Subscriptions billed to a second card or shared account. If your iCloud storage is charged to your Apple Card and your main bank account is Chase, you're tracking those separately and may not add them together.
Free trials that became paid. You signed up during a promotion, forgot about it, and the monthly charge started. If you never noticed it, it's not in your mental estimate.
Small charges that don't register. $1.99/month for extra iCloud storage. $0.99 for an app subscription. $4.99 for an expanded feature in a free app. None of these feel like "subscriptions" in the way that Netflix does, so they don't get counted.
Breakdown by Category
The subscription market breaks down roughly into these categories, ordered by how frequently they appear in consumer bank data:
Video streaming
Netflix ($15.49–$22.99), Disney+ ($7.99–$13.99), Hulu ($7.99–$17.99), Max ($9.99–$15.99), Peacock ($5.99–$11.99), Apple TV+ ($9.99), Paramount+ ($5.99–$11.99). The average subscriber to all major streaming services would pay over $80/month in streaming alone. Most people have 2–4 services.
Fitness
Gym memberships ($10–$80/month depending on the gym), Peloton ($44/month for connected membership), ClassPass, Apple Fitness+, Whoop. Fitness subscriptions have a high "forgotten" rate because people stop going to the gym but don't cancel.
News and media
The New York Times ($17–$25/month with add-ons), Wall Street Journal ($9.99–$38.99), The Athletic (now part of NYT), Washington Post, local news digital subscriptions. These often start as free trials or heavily discounted introductory offers, then bump to full price after 1–3 months.
Productivity and software
Microsoft 365 ($9.99–$12.99/month or $69.99–$99.99/year), Adobe Creative Cloud ($54.99/month or $599.88/year), Dropbox, Notion, Slack, and dozens of niche SaaS tools. The annual versions of these are frequently forgotten.
Cloud storage
iCloud+ ($0.99–$9.99/month), Google One ($1.99–$9.99/month), Dropbox. These are often on autopay with no active usage trigger, so people forget they're running.
Music and audio
Spotify ($10.99–$16.99), Apple Music ($10.99–$16.99), Audible ($14.95), SiriusXM. Audible in particular has a high forgotten-subscription rate because credits accumulate and people don't notice the monthly charge.

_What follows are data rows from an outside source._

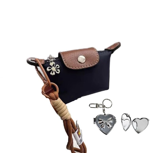 Mini Coin Purse Bag Keychain Set with Heart Locket Charm, Storage Bag, Zipper and Button Closure - Navy
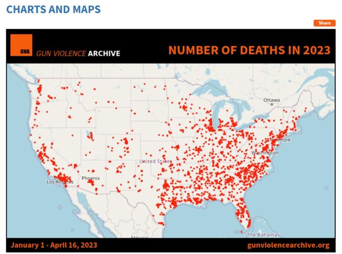 2023年1月1日至4月16日,美國(guó)槍支暴力事件分布圖。圖片來(lái)源:美國(guó)“槍支暴力檔案”網(wǎng)站截圖
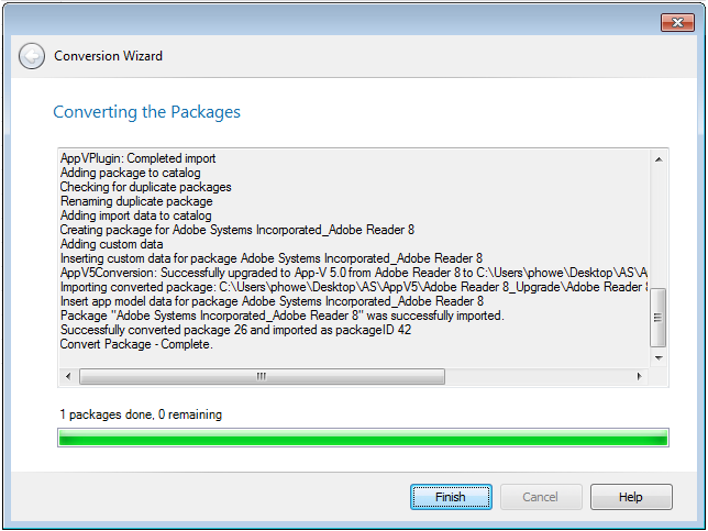 2. Click Next to begin the conversion. The Converting the Packages panel opens.
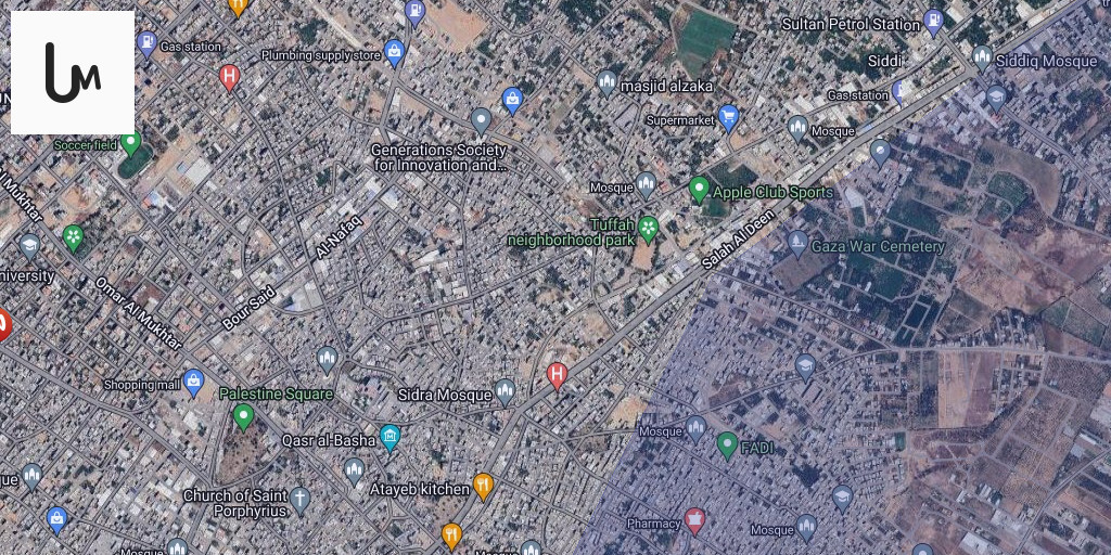 The Israeli army is carrying out a demolition operation targeting buildings behind the yellow line in the Shuja'iyya neighborhood, east of Gaza City.
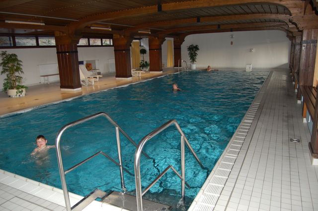 la piscine couverte est chauffée toute l'année l'eau est à à 27° et l'air à 30 °.
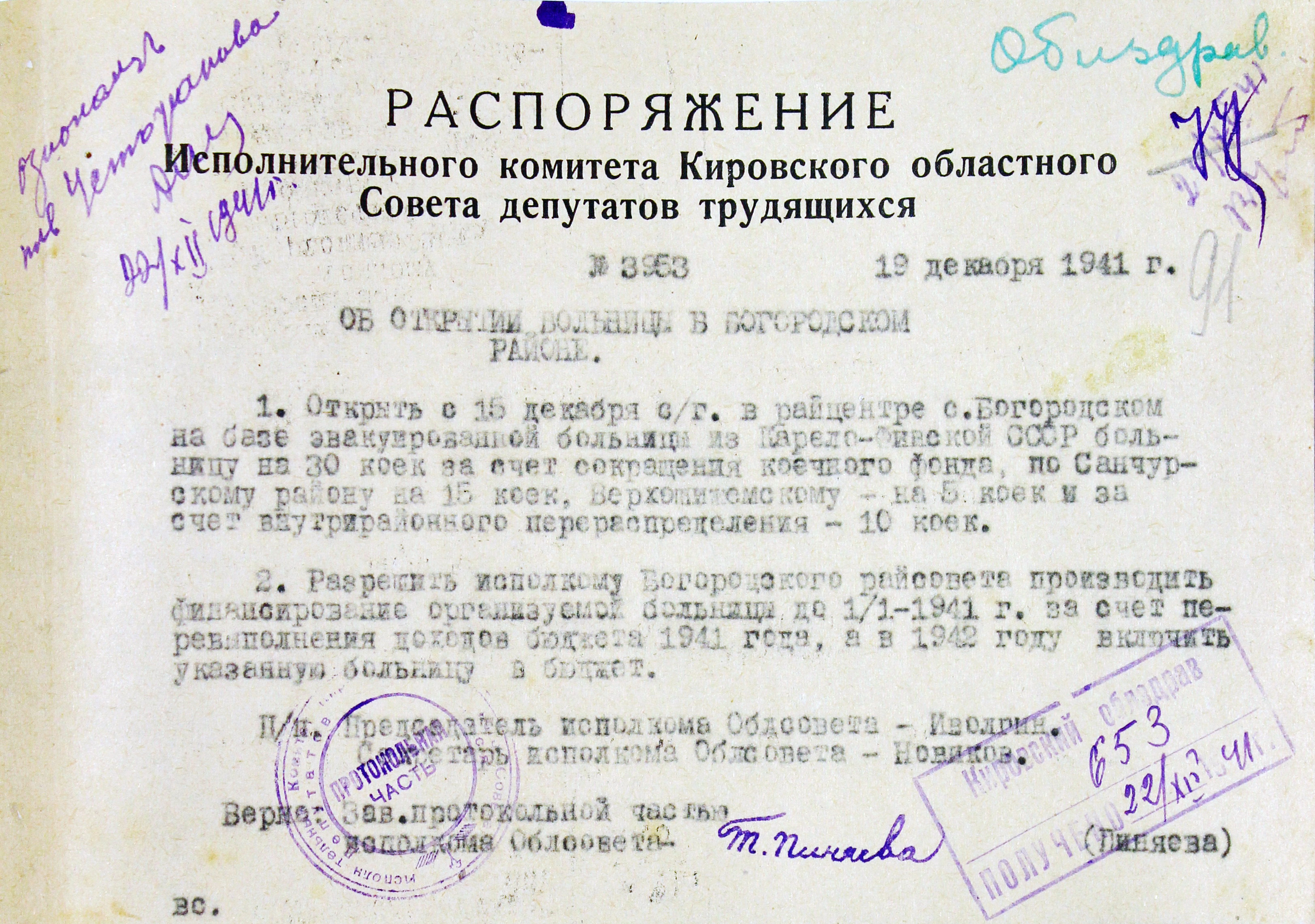 Распоряжение Кировского облисполкома №3953 об открытии больницы в Богородском районе. 19 декабря 1941 г.

Why Subscriptions Replaced One-Time Purchases
The shift toward subscription pricing happened for a straightforward reason: it generates more revenue per customer over time than a one-time purchase.
Adobe is the clearest example. When they sold Photoshop as a one-time purchase at $699, that was the total revenue from that customer for several years. When they moved to Creative Cloud at $54.99/month, they collect $659.88/year from each subscriber — indefinitely, as long as the subscriber stays enrolled.

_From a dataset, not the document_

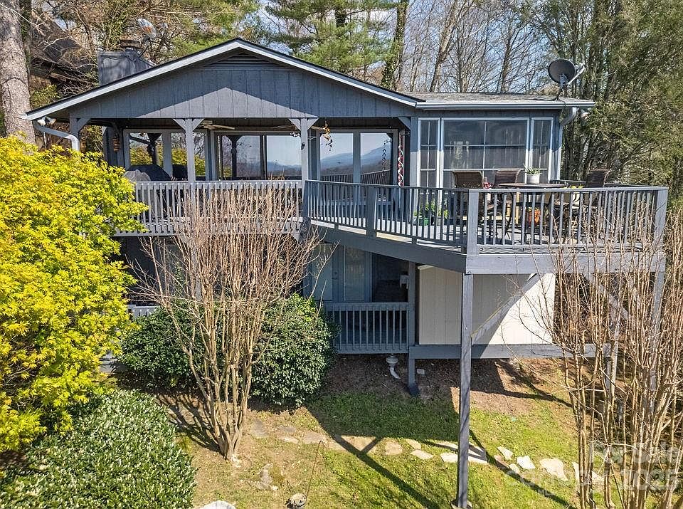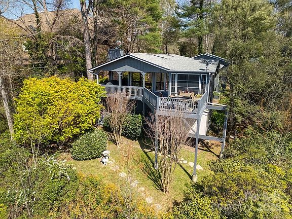 SPECTACULAR VIEWS! This beautifully remodeled mountain retreat offers sweeping 180° vistas of the Blue Ridge Mountains from expansive decks—perfect for enjoying sunsets and changing seasons. Extensively updated in recent years, the home features a new primary ensuite bath, laundry room, half bath, HVAC, and luxury vinyl/tile flooring. Additional highlights include a gas fireplace, updated appliances with a gas stove, a 2023 electrical panel upgrade, and fresh exterior paint (2021). The living room sliders frame breathtaking views and fill the home with natural light. Nestled against Connestee Falls greenspace for added privacy and an authentic mountain living experience, and located on one of the nicest cul-de-sac streets in the community. The views are unmatched—this one is worth seeing in person. A perfect second home or full-time residence for those seeking mountain luxury. Buyer to pay a one-time amenity fee of $13,500 at closing or $15,500 if paid within the first calendar year.
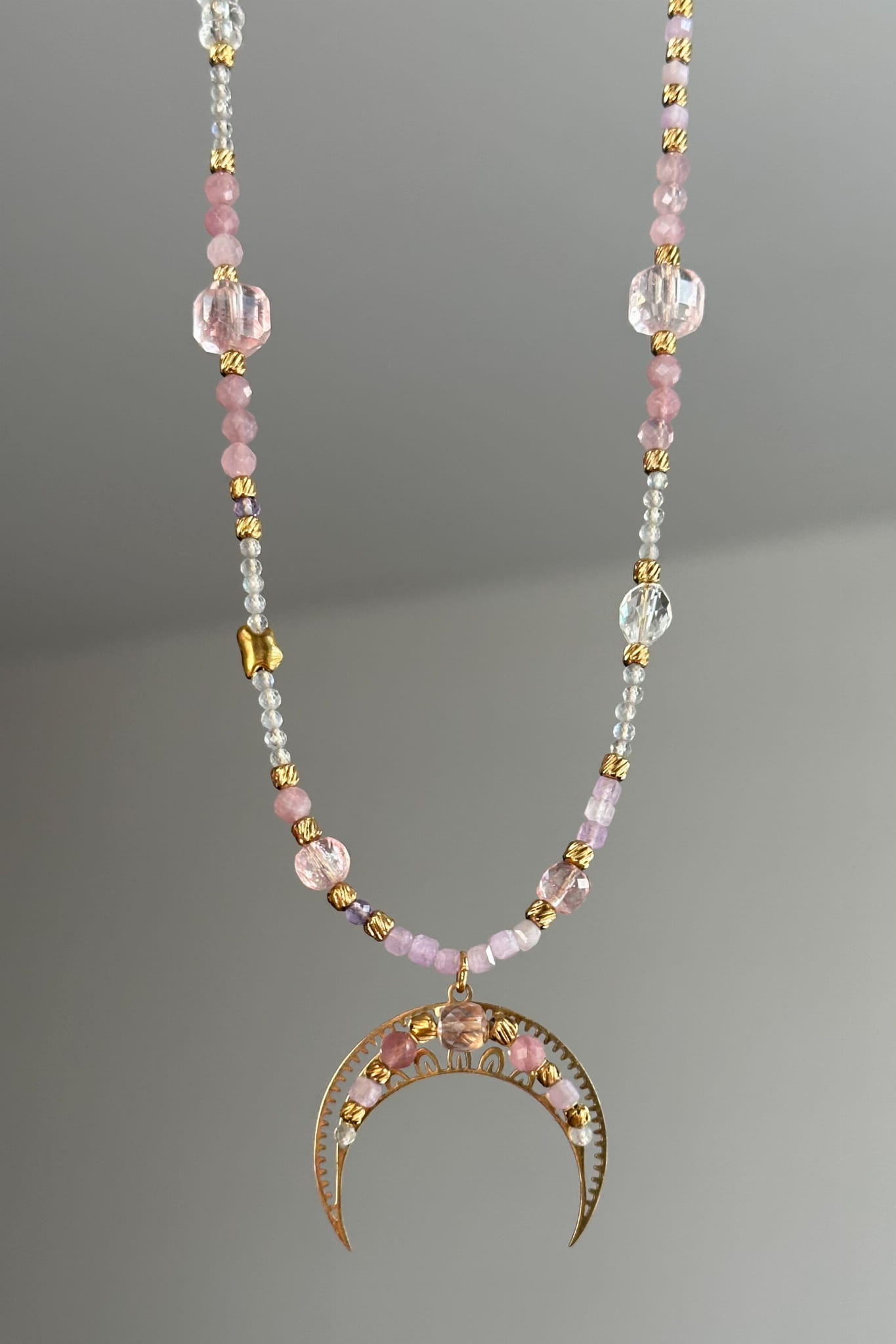 201 Unikat Różana lunula z kwarcu różowego, kryształu górskiego, berylu, labradorytu

The same math applies to every software, media, and service company that has moved to subscriptions. It's a better business model for the company. For customers, it means access to software you don't own and continuous charges that require active management to stop.
How to Audit Your Own Subscription Spending
The most reliable way to know what you're actually spending is to look at your transaction data rather than try to recall from memory.
The manual approach: Pull 6 months of bank and credit card statements. Go through every transaction and flag anything that repeats at the same amount. Group them by merchant and add up the monthly total. Don't forget to annualize charges that come through once a year and divide by 12.
The faster approach: Kaleran connects to your bank via Plaid (read-only, can't touch your money) and identifies every recurring charge automatically. It typically surfaces subscriptions that people didn't know they had — especially annual renewals and charges from unfamiliar merchant names.
Most people who connect to Kaleran find at least one subscription they'd forgotten about. The average discovered forgotten charge is $14–$18/month.
Once you have your actual number, you're in a position to make real decisions about what to keep. The mental accounting version — "I think I pay about $80 a month" — is almost never accurate enough to act on.